### YOUR GOAL
The copy must hold exactly the lines from the one with "本の貸し出しや返却が行われています。昼休みをくつろいで過ごしています。" through the end of the listing below, and nothing else, with no pictures.

### RECORDED INFORMATION

==================================================

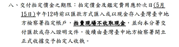 - 本分署將拍定資料提供予囑託機關臺灣臺中地方檢察署。
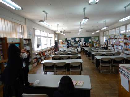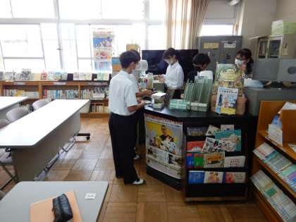 本の貸し出しや返却が行われています。昼休みをくつろいで過ごしています。
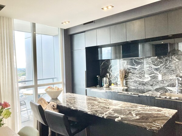 Chicago luxury home suites har 3 værelser med fælleskøkken. Køleskabe og mikrobølgeovne stilles til rådighed.

==================================================

### TASK ANSWER
 本の貸し出しや返却が行われています。昼休みをくつろいで過ごしています。
 Chicago luxury home suites har 3 værelser med fælleskøkken. Køleskabe og mikrobølgeovne stilles til rådighed.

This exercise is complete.